Greece’s debt crisis threatens more than the collapse of the euro and the European Union – it would also be a climate disaster. An opinion article by David Strahan, a former BBC business correspondent and author of The Last Oil Shock (John Murray, 2008).
GREECE is going to default, one way or another, that much is clear. The bigger question is whether it will also leave the euro and what that would mean. What is so far underappreciated is that a Greek exit would have appalling consequences for the climate.
Just three months after a second bailout, Greece is failing to deliver its end of the bargain and bond markets are signalling that it will not repay all its debt. The International Monetary Fund, the European Union and the European Central Bank are struggling to deliver a third rescue package.
Even if that succeeds, the wild card remains Greek politics. The country is wracked with strikes, riots and protests. Deep cuts to jobs, wages and pensions were passed by a slender majority, and it would not take much of a political shift for Greece to abandon its debts – and the euro.
Departure would be economic suicide, though. Paul Donovan, a London-based economist at UBS investment bank, calculates the Greek economy would shrink by half in the first year. Moreover, a Greek exit would likely trigger a domino effect. Ireland, Portugal, Spain and even Italy could go too. It would be a short step to the break-up of the euro and a continent-wide credit crunch.
The climate always takes a back seat when economies turn sour, but the impact of a euro break-up would be profound. Any country leaving the euro would also breach the treaties of Maastricht, Lisbon and Rome, and therefore be forced to leave the EU. A euro break-up is likely to shatter the EU, and with it the hard won architecture of climate policy.
For a start, the Emissions Trading System would be unlikely to survive. True, the ETS has been widely criticised as ineffectual, but the system at least imposes an international framework which could be strengthened and expanded. That would all be swept away, along with any obligation for countries to deliver their 2020 targets on emissions, renewables and energy efficiency.
On one level that matters little.

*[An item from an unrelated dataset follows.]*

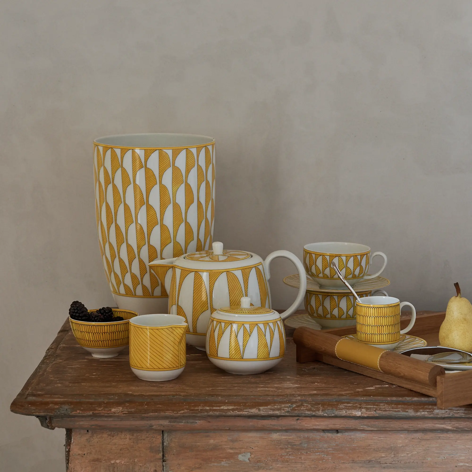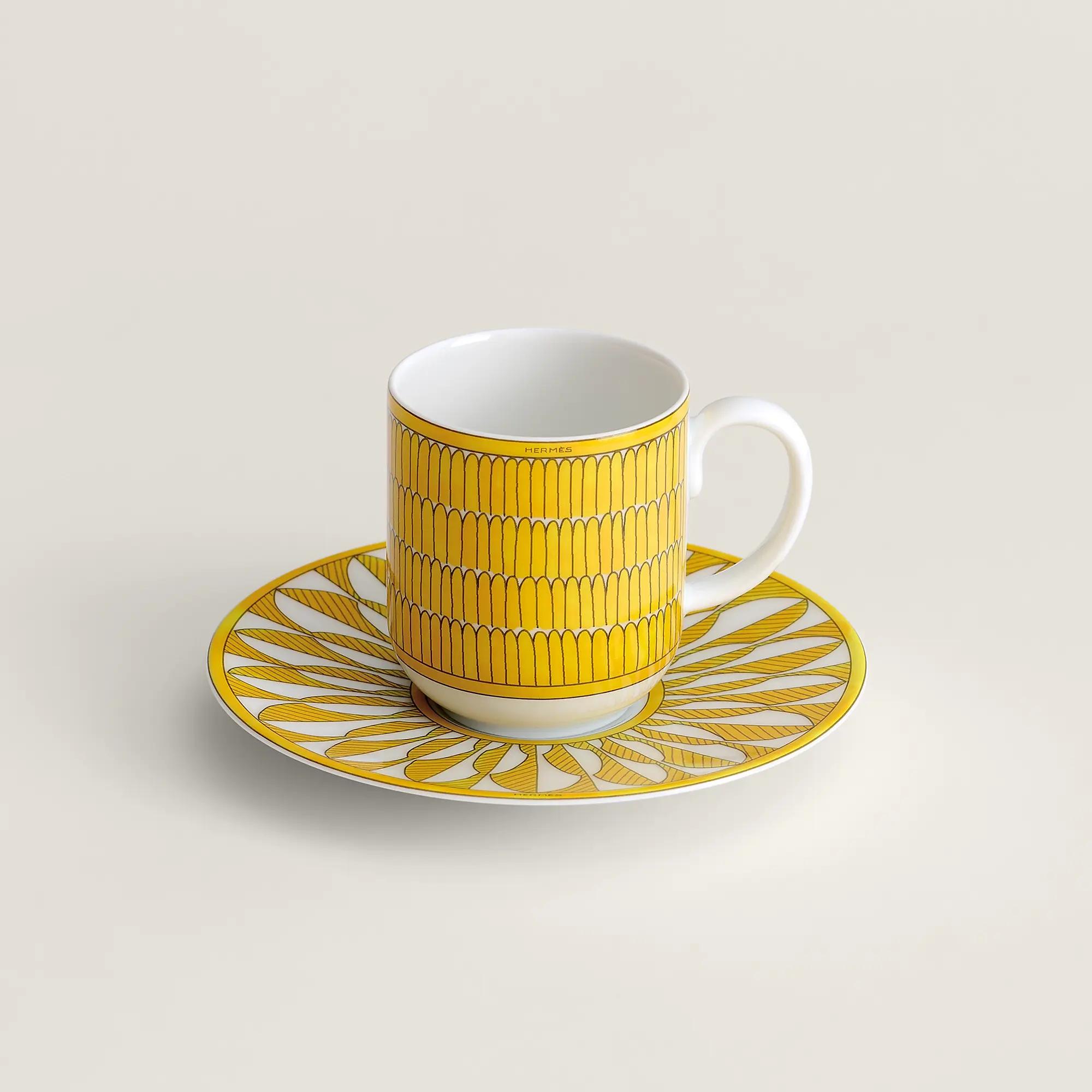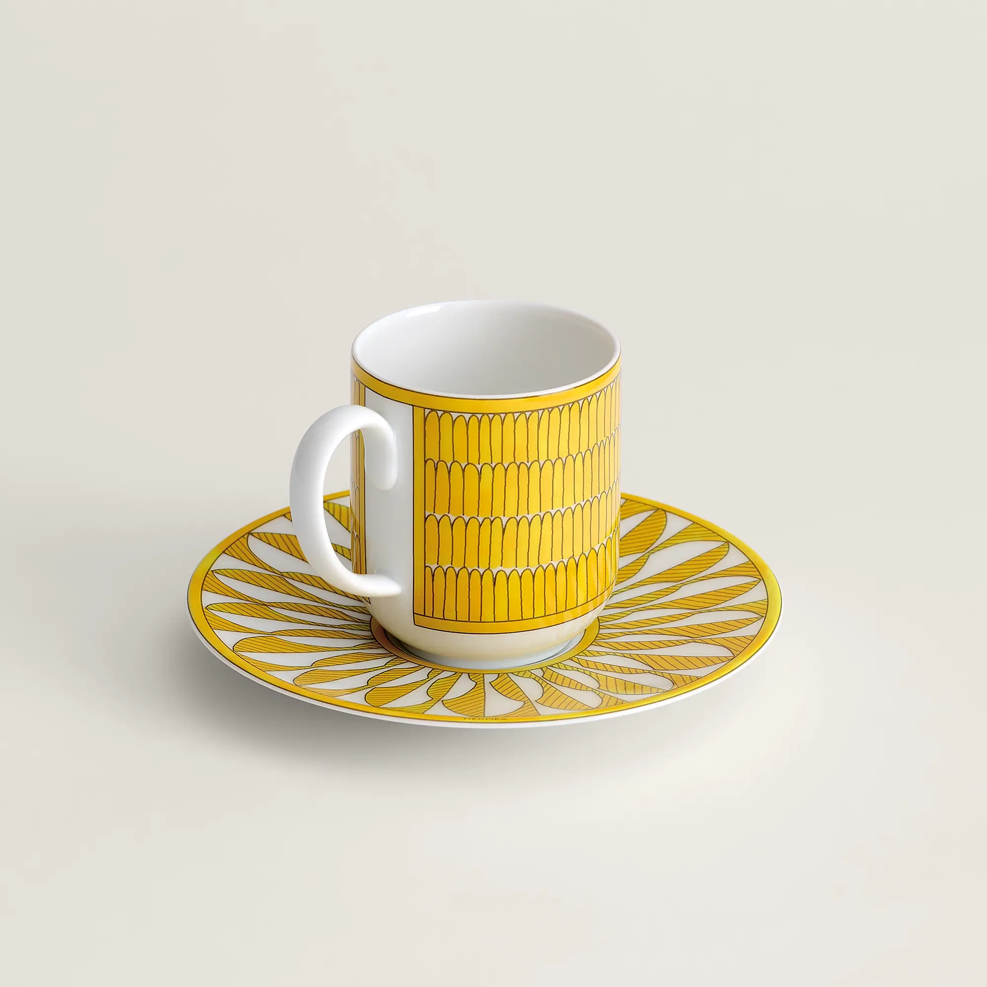 Набор из фарфоровых чайных чашек с блюдцем (2 шт). Коллекция Soleil d'Hermès включает 24 предмета для обеда, ужина, чая/кофе. В ней сочетаются белый цвет фарфора и насыщенный желтый цвет, подчеркнутый изящными линиями, создающими калейдоскопический пальмовый узор. Сделано во Франции. Художник Ариэль де Бришамбо.
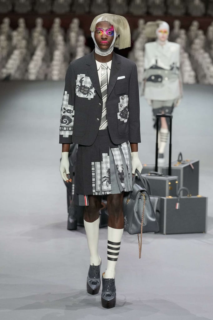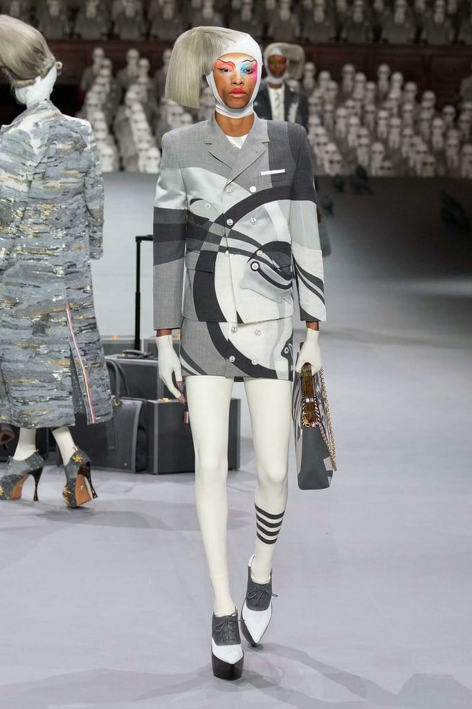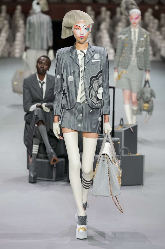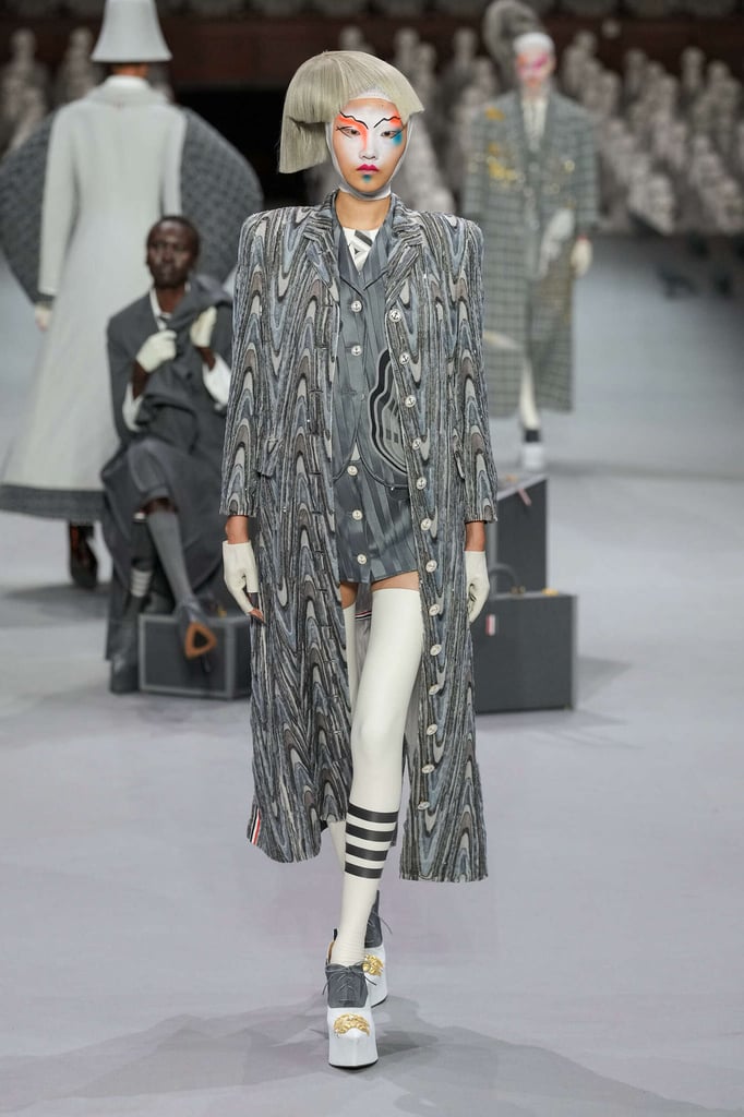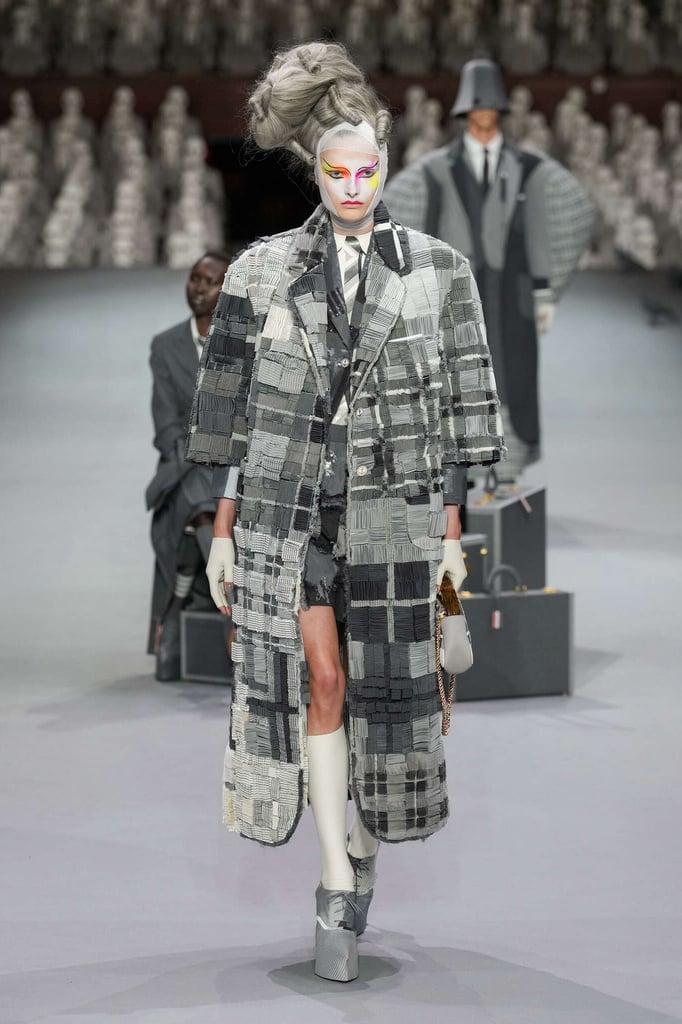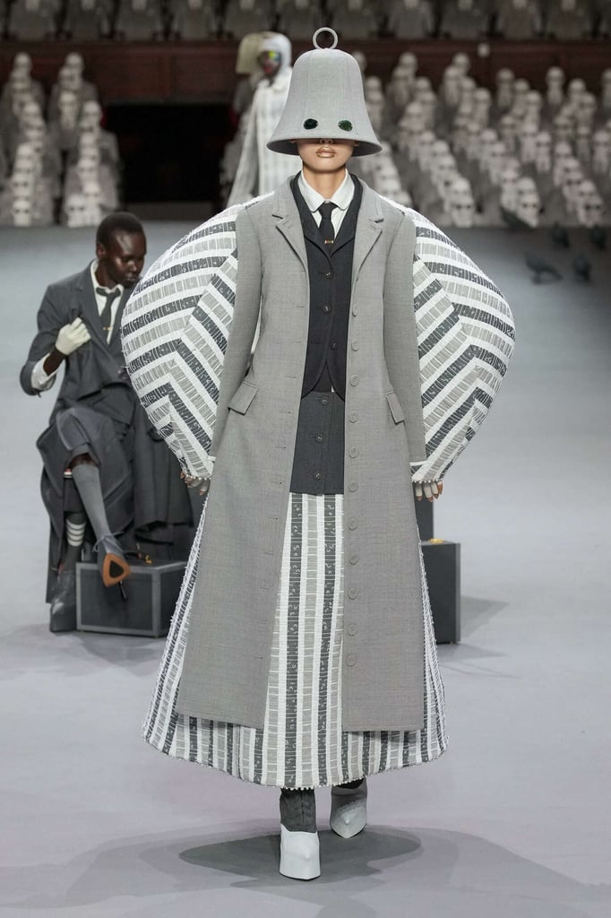 DEFILE THOM BROWNE AU PALAIS GARNIER: Le designer américain a présenté un show spectaculaire pour son premier défilé haute couture et le vingtième anniversaire de sa marque. Fidèle à sa couleur fétiche, le gris, il s’est lancé à fond dans les silhouettes et les ornements typiques de la haute couture. Il taille des manteaux en forme de cloche d’église avec chapeaux assortis, et imagine des manches gigantesques en forme d’ailes de papillon. Des fils de laine, de soie, utilisés comme des pinceaux, servent à dessiner sur les vêtements des paysages marins évoquant la Côte Est des Etats-Unis qui lui est chère. Un homard géant doré brodé s’agrippe le long de la colonne vertébrale, des sequins carrés reproduisent des crabes pixélisés, des bandeaux de tulle imbriqués et piqués de perles imitent le mouvement des vagues, des perles transparentes servent à dessiner des bancs de poissons. Le maquillage clownesque et les perruques baroques donnent à l’ensemble un côté théâtral et décalé. Tout en restant fidèle à son esthétique, Thom Browne insuffle à son travail une sophistication très parisienne.

Given the scale of the likely economic collapse, emissions would fall far below the targets and could stay low for years. The collapse of the EU, so long in the vanguard of climate policy, could ironically be seen as a desirable outcome. In fact, nothing could be further from the truth. Emissions might fall dramatically, but so would our ability to do anything about the remainder.
The Intergovernmental Panel on Climate Change says holding global temperature increase to 2 °C means cutting emissions by up to 85 per cent by 2050. That would require an investment of $18 trillion by 2035, according to the International Energy Agency. It is hard to imagine governments in the midst of a depression mobilising anything like enough money or political will.
There is much more riding on the outcome of the Greek crisis than the future of Europe or even the world economy. The danger is that a euro collapse could destroy the capital and institutions needed to combat climate change.
It is bitterly ironic that the meltdown of a minor economy that has little to sell but sunshine could condemn the planet to uncontrollable global warming.